*** Block opens ***

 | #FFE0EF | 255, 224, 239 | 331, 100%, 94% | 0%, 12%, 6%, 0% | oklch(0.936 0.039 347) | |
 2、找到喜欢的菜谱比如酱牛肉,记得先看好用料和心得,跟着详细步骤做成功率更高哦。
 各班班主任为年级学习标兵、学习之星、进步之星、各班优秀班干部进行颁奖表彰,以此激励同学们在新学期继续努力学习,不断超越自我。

*** Block closes ***
*** Block opens ***

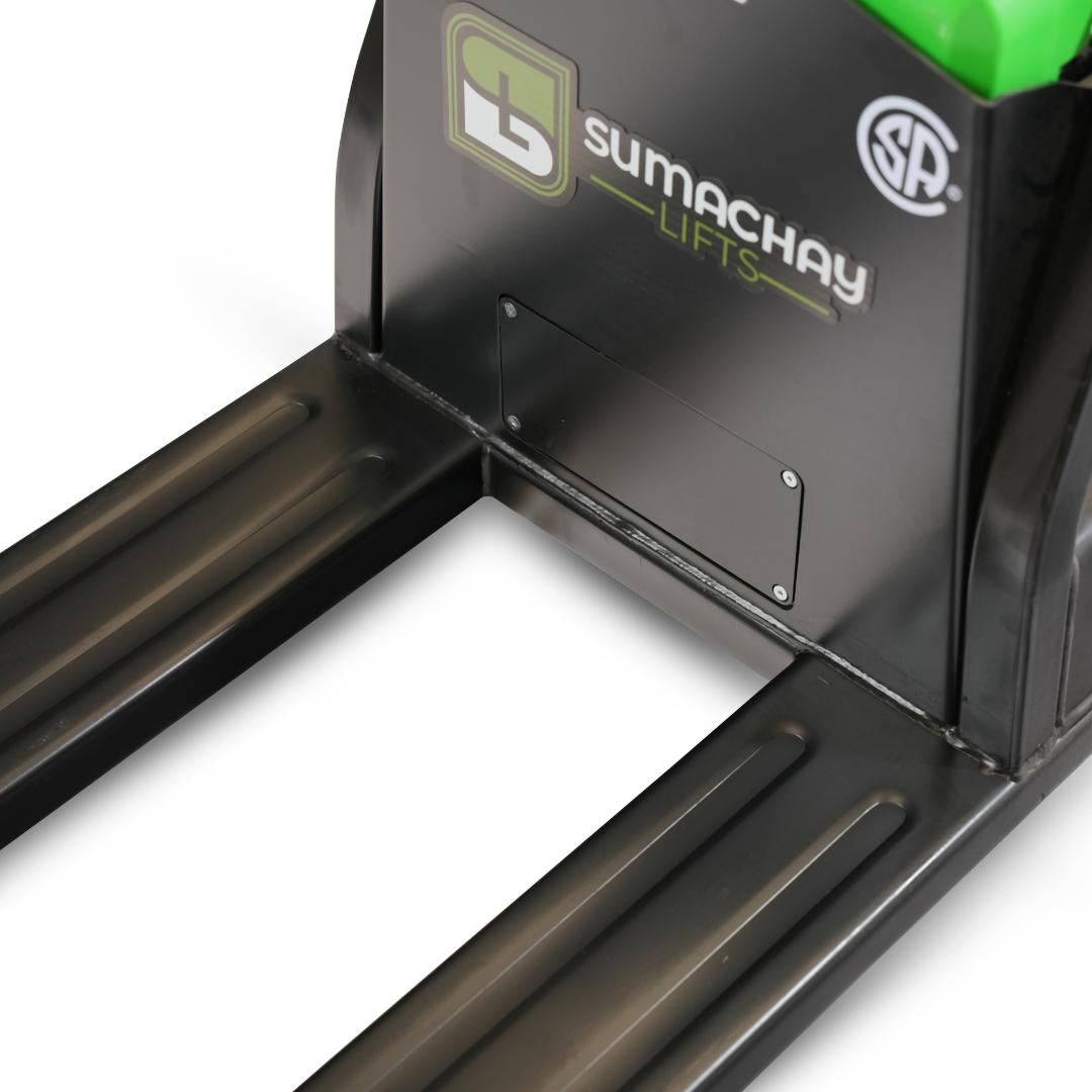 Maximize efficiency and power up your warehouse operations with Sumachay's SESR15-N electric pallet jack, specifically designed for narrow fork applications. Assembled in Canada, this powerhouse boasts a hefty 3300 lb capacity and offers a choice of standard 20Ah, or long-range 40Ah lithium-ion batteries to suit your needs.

*** Block closes ***

Aim of the exercise:
In the listing above, locate the line containing "0.039 347) | |" and the line containing "各班班主任为年级学习标兵、学". Transcribe those two lines and everything between them, exactly as written.

Output:
 | #FFE0EF | 255, 224, 239 | 331, 100%, 94% | 0%, 12%, 6%, 0% | oklch(0.936 0.039 347) | |
 2、找到喜欢的菜谱比如酱牛肉,记得先看好用料和心得,跟着详细步骤做成功率更高哦。
 各班班主任为年级学习标兵、学习之星、进步之星、各班优秀班干部进行颁奖表彰,以此激励同学们在新学期继续努力学习,不断超越自我。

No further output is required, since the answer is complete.